3. leadership is about 'play' – theatre is a play in both senses of the word. There is a recreation/re-creation in the activity. It is what we all complain we have lost. As children our 'work' was our 'play', and thoroughly enjoyable it was too! We didn't want anyone to send us to bed. Now, we find we collapse only too readily in bed, exhausted by work – a work that is devoid of 'play'. This is a vital thing about our leadership activity we need to re-discover: that work should and must be a form of play, and if it is not then we are heading for trouble. Overtime – overwork – has no psychological meaning when we 'play' (are being creative), since the only limits are those that the task itself defines for us, and which we readily accept.
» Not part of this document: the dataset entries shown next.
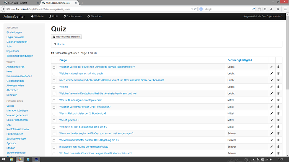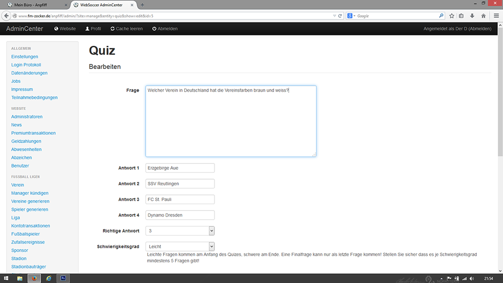 - Eigene Quizfragen können im Adminbereich erstellt werden.
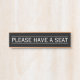 Dieses Vintage, altmodische Design enthält die Meldung "BITTE HABEN SIE EINEN SITZ". Dies könnte in einer gewartet Lounge genutzt werden, um Kunden, Patienten oder Besucher darüber zu informieren, dass sie in Kürze unterstützt werden und bis dahin einen Platz einnehmen sollten.
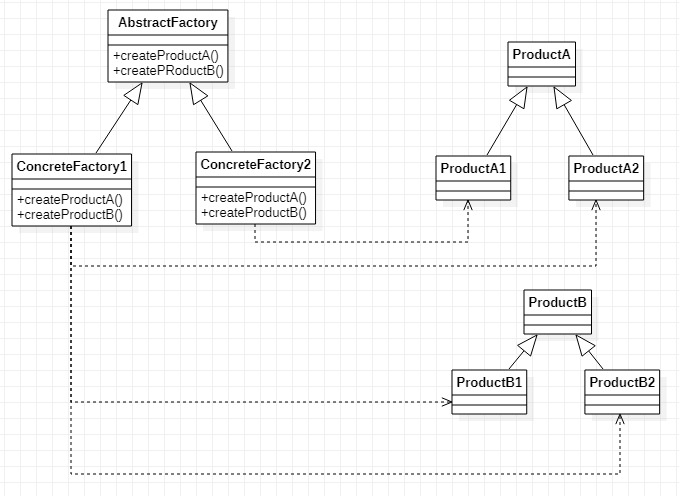 ConcreteFactory1, ConcreateFactory2는 서로 다른 객체의 집합군을 생성한다. AbatractFactory를 상속 받아서 ConcreateFactoryN을 만들어서 다양한 객체의 집합군을 생성할 수 있다. 클라이언트는 복잡한 객체의 생성에 관여하지 않고 팩토리에게 객체의 생성을 맡겨서 객체 생성을 분리시킨다.
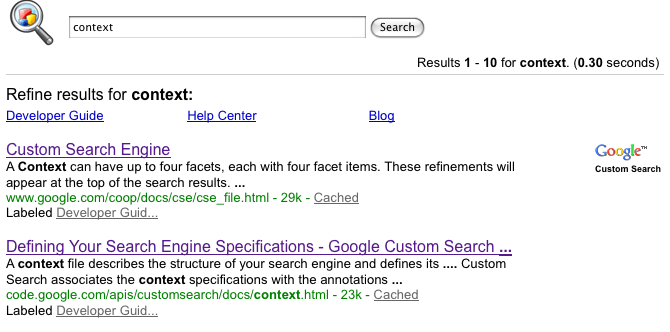 In addition to using the Programmable Search Engine Control Panel, you can control the look and feel of your search engine by editing the context XML file. (Learn more about the advantages and disadvantage of each format in The Basics page.) If you are not familiar with context files, read Context: Defining a Search Engine.
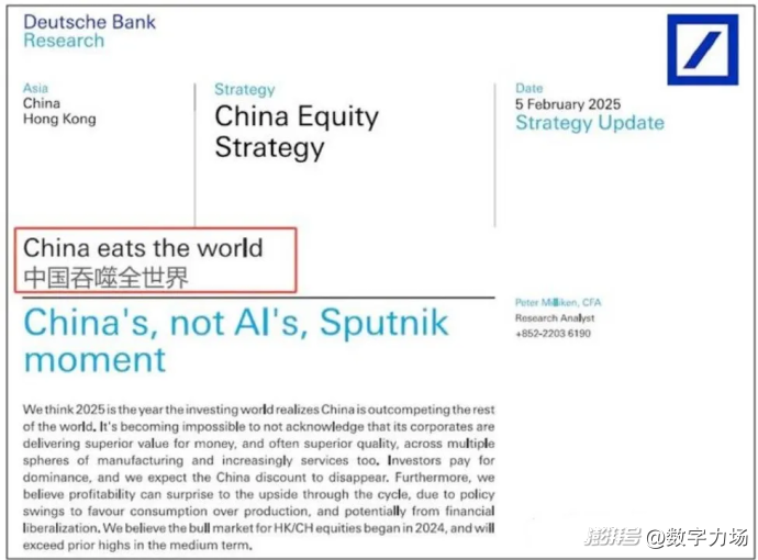 德银分析师彼得·米利肯在报告中写道:“我们认为,2025年将是全球投资界意识到中国超越其他国家竞争力的一年。在2025年,中国在一周内发布了世界首款第六代战斗机和极低成本+高性能的开源AI大模型DeepSeek。”
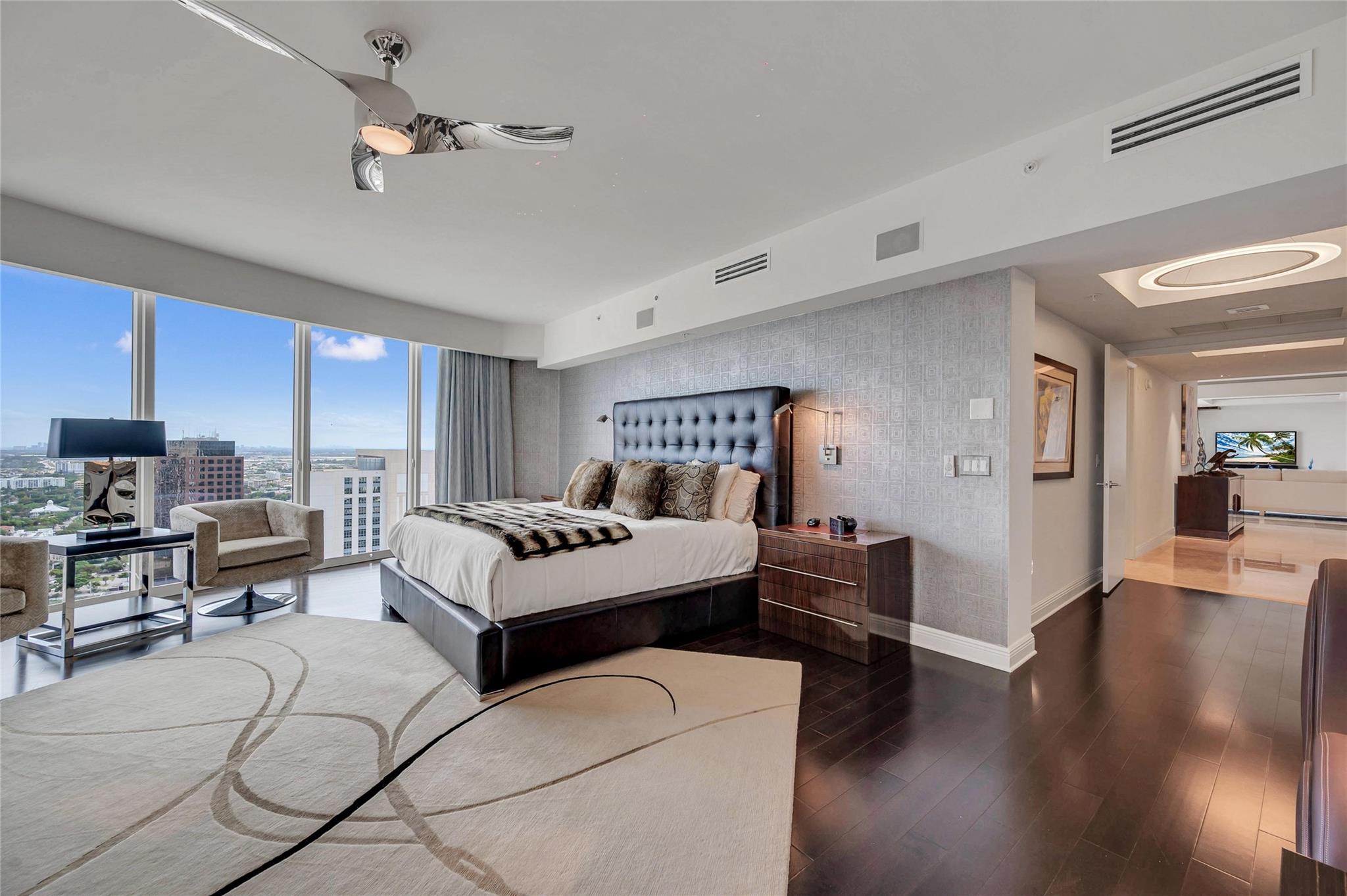 Beautifully FURNISHED modified 5th Ave model w/ 3 bed, 3.5 bath, family room & office/den. Floor-to-ceiling windows illuminate the sprawling floor plan w/North and South balconies. Recent improvements include- fresh paint, polished Travertine floors, 2 Bosch air systems(2022), new vanities, all south windows tinted, upgraded sound system, custom metal/glass doors in private elevator vestibule. Situated in the heart of Las Olas' walkable lifestyle, easy access to the city's cultural, dining, shopping, entertainment scene. Building has undergone dramatic enhancements with contemporary design for modern luxury living. High-end amenities, state-of-the-art fitness center, a resort pool, concierge. - Assessments paid, fully reserved. Offered at $689 a SF FURNISHED
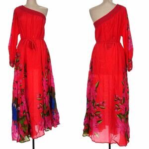 Drenched in a bold red hue, this one-shoulder piece boasts a flamboyant floral and parrot print that promises to turn heads. The flowing scarf sleeve adds a touch of effortless elegance while the maxi length skirt invites a graceful sway with every step. This dress captures the essence of sun-soaked days and balmy evenings, perfect for making memorable moments.
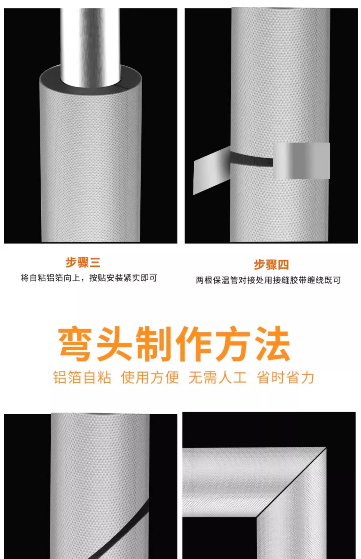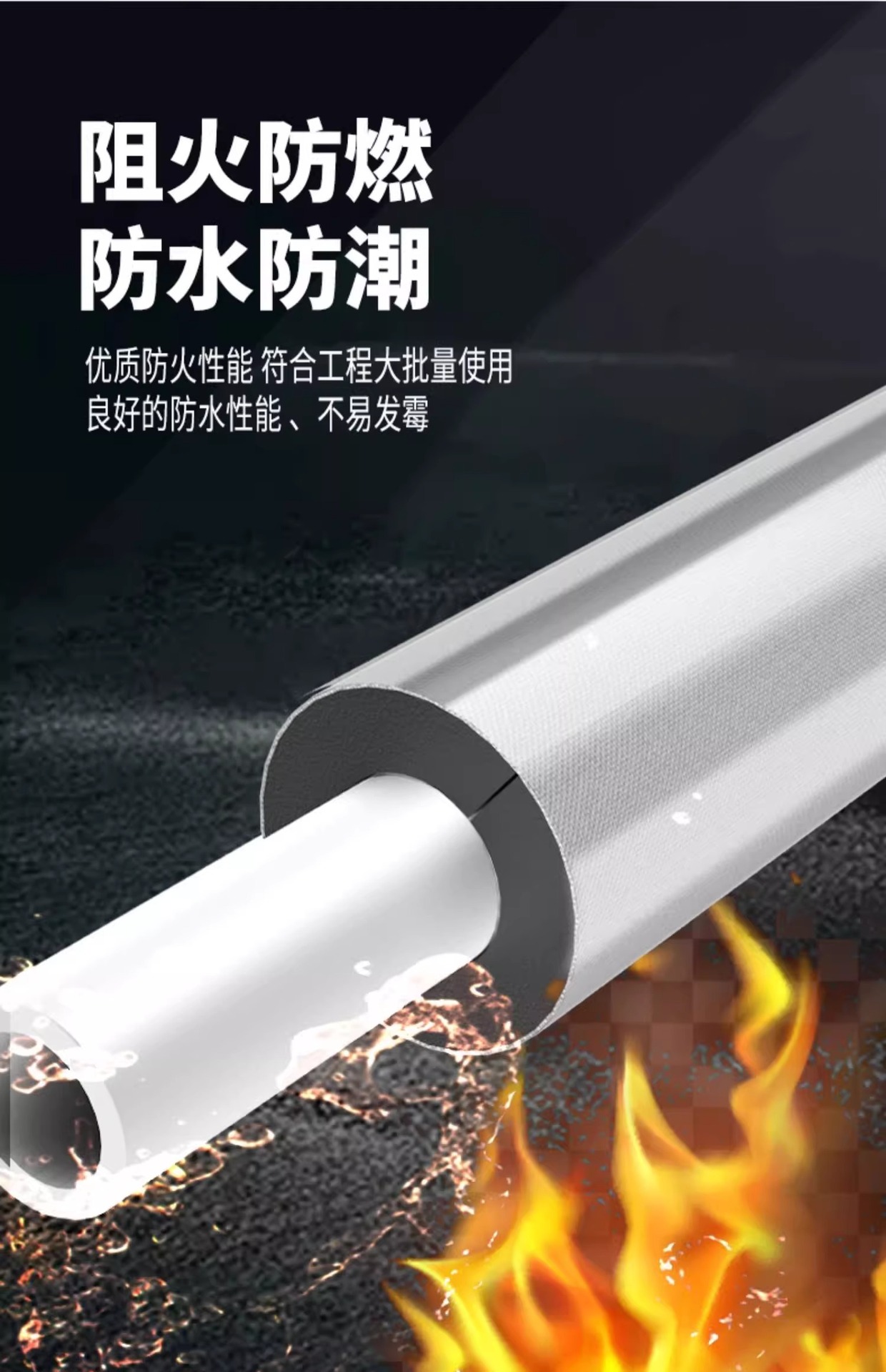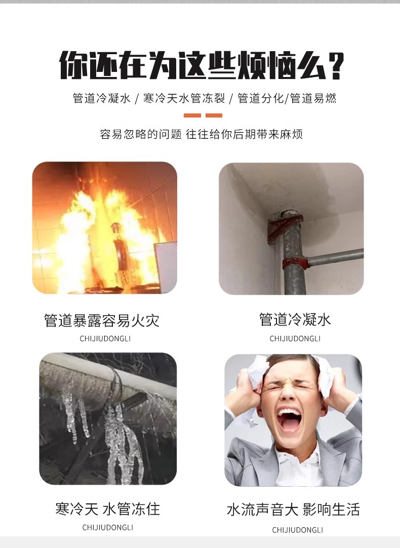开口式铝箔自粘橡塑保温套管冬季加厚保温棉阻燃室外管道保温材料

If one can accept the sense of the above metaphor, see its aptness, then one is already a long way from the scientific approach – the tick box approach – which demands certain outcomes if only highly specified procedures are followed. One sees that every performance of the play is different, that the unexpected is more than likely, but that preparation, planning, practice, too, have a fundamental role in this. There are principles of acting, as there are of leadership, but the mechanical application of them leads to the most wooden performances. We politely applaud the by-the-book performance that imprints its faultless execution upon our consciousness, whilst creating a boring, empty and 'right' world; and we love the heart-warming theatre of conviction where all the idiosyncrasies of person, time and place dazzle us with their razzmatazz.

It is important to realise here that we are not substituting warm, fuzzy, touchy-feely (and so ineffective) pictures for hard-edged, hard-nosed, realistic (and so effective) competencies: the working out of the implications of a performance is every bit as 'hard' – as any theatre director knows – as defining a competence in ever greater unit or elemental detail.

For example, if we take point 1, performance, we might consider what this means in terms of presentational knowledge/skills/attitudes at one end of the spectrum, and what it means in terms of problem-solving and decision-making at the other. But the essential difference between the two approaches is that competency presents a reductive approach to human endeavour, a mechanistic, dissection-al, feel-bad effect; whereas metaphorical interpretation presents an achievement approach – a live-up-to, how-good-can-we-make-this-performance, holistic feel-good effect.

The 'feel-bad' derives from the inevitable failure of everyone to meet all the competencies, a shortfall which assessment always establishes; the 'feel-good' derives from the awareness that the show is on the road, it's going to be fun, we're aiming for brilliance, but whatever the result, there will be a show – there is no failure in this. Nevertheless, it must be recognised that for some, the 'safety' of ticking the right boxes will far outweigh any desire they have to 'perform'. The ease with which bureaucracy is established even within some small organisations is testimony to that. Be that as it may, leadership remains a performance. Some will prefer the competency approach precisely because it offers 'all-inclusive', 'quality-assured' solutions; metaphors will not do this.